I’m updating this earlier post here in the wake of Trump’s 2024 reelection. I revisit it because it’s so essential to attend to our foundations, especially when we’re shaky, especially when it keeps getting clearer that our shared predicament is dire and that there really is no quick fix.
I hope these principles, developed over the course of the past 15 plus years, can be as supportive for you as they have been and continue to be for me. When they go beyond being platitudes, when they are lived and experienced in a felt way, as a way of being, they can help you stay present and grounded and be who you want to be.
Principles of Active Peace
As an active peacemaker your highest intention is to heal the illusion of separateness through the felt experience of interbeing. You do this right in the midst of life with all its challenges and embrace the process as a great adventure.
You take 100% responsibility for every aspect of your experience — all your thoughts, emotions, and behaviors. You are not a victim!
You prioritize relationships, respect, and healthy communication. When you cause harm you clean it up. When someone hurts you, you don’t take it personally.
You cultivate the capacity to see the Big Picture and hold Paradox. You bear witness to injustice, violence, and desecration. You also allow yourself to be uplifted by all the beauty and wonder of the world.
Your action flows from love (not guilt or shame). You trust the unfolding of life and humbly do what’s yours to do, without attachment to outcome.
As you heal the divisions within yourself, your very sense of who and what you are expands, as does your circle of care.
In this natural unfolding of love and wisdom you unleash your fullest expression of life energy and become a force of nature and true force for social transformation.
Active Peace is a way of being that you honor and hold with sacred intention.
Active Peace remains an important part of the big (and expanding) picture for me.
Because of my involvement with racial justice and the reparations movement as a white person I am made aware of the impactful role trauma has on those who experience first-hand racial trauma and the effects of intergenerational trauma.
These impact the possibilities of the ones harmed for seeing the basic goodness in each person without exceptions when that basic goodness is deeply self-suppressed by the oppressor’s own harmful belligerence toward other people including the sincere peacemaker. Especially the peacemaker of a marginalized group such as people of color.
Similarly so for other marginalized groups.
These traumas also impact one’s ability to expand one’s circle of care and concern because the internalized trauma warns of further potential harm while existing harm remains unacknowledged and therefore unhealed.
One may avoid or refuse to play the victim out of resolve for resilience, and yet still be deeply wounded and victimized. Living examples abound within the African American, Native American, and immigrant communities in our country; examples of resilience in the face of ongoing trauma and prejudice experienced not just in isolation but collectively in this society.
In this experience the one traumatized cannot take 100% responsibility of their experience. That would seem to be accepting injustice against one’s conscience. That would not be the same as paradox. It is contradiction and negation.
Self care is critical to recovery and healing for the traumatized. But in this context it is not enough to achieving justice and healing predicated on that justice.
The circle of care considers that the Active Peacemaker is sometimes the one traumatized and will be the one that needs special care. The one who has caused harm cannot know their own basic goodness until they are brought into that restorative process that leads them into facing their harm in a way that also leads them into at least some perception of their latent basic goodness which they may have never known themselves; or which has been distorted by the effects of persuasions regarding superiority and separation.

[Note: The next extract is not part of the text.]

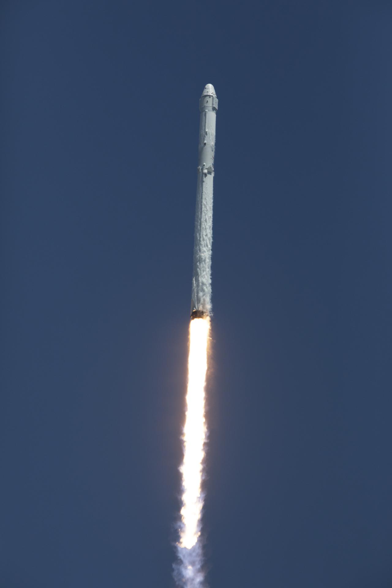 The two-stage Falcon 9 launch vehicle lifts off Launch Complex 39A at NASA's Kenney Space Center carrying the Dragon resupply spacecraft to the International Space Station. Liftoff was at 12:31 p.m. EDT. On its 12th commercial resupply services mission to the International Space Station, Dragon will bring up more than 6,400 pounds of supplies and new science experiments and equipment for technology research.

This means the Active Peacemaker can believe there is a basic goodness in each person and still not be able to see it for all these reasons.
This alludes to a more complex process that needs further definition. It has association with the reparations movement which is primarily initiated by the aggrieved. It is not linear in that justice is interpersonal and thus interdependent for the very reason that injustice is interpersonal.

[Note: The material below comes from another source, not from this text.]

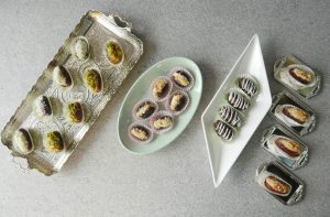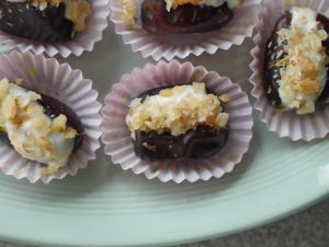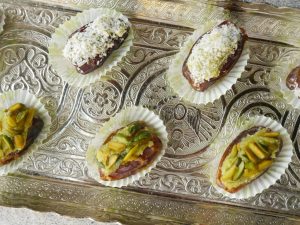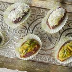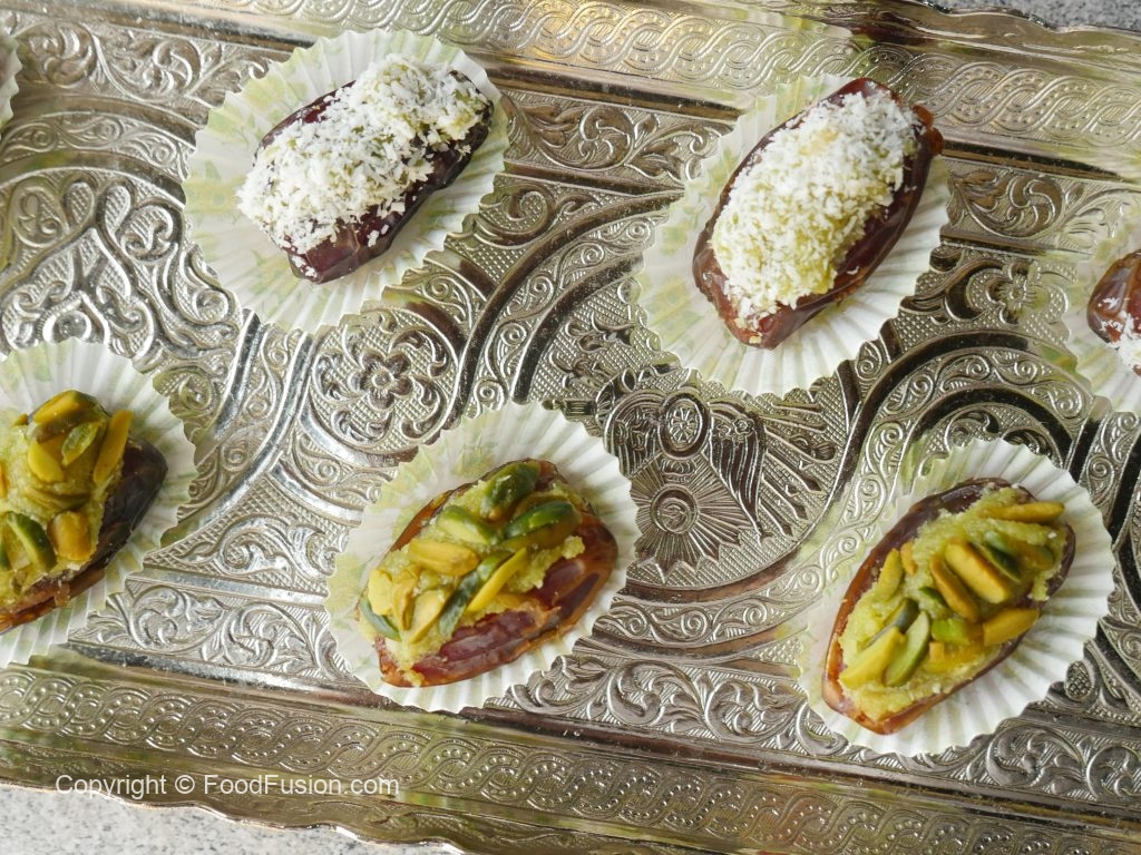 Stuffed dates with prepared filling,garnish with pistachios or desiccated coconut & serve!

But that the movement is driven forward by the aggrieved does point to the deep impulse toward healing, not retribution.
It points to something with great potential for the aggrieved and the society as a whole.
Active Peace remains integral to my involvements as I find it useful to not only expanding my circle of care and concern, but also the circle of considerations on its applications. Perhaps Active Peace can be further defined with these considerations reflecting a broader range of experiences among its expanding universe of participants. 💛
This is rich Ken. Thank you. I appreciate your experiences in the territory of white supremacy, racial healing, and trauma. As you indicate, it is complex territory with lots of layers and nuance. No one set of principles is going to capture everything and I’m happy to hear you are still resonating with the essence and intention behind the AP principles. 100% personal responsibility as I understand it will always apply, since it only asks one to take the responsibility that is truly theirs to take and it goes with the personal power that we all have, always. It’s not about sweeping anything under the rug or disregarding context. In my experience these principles support my ability to be and stay present and resourced and that’s been foundational, especially in challenging circumstances.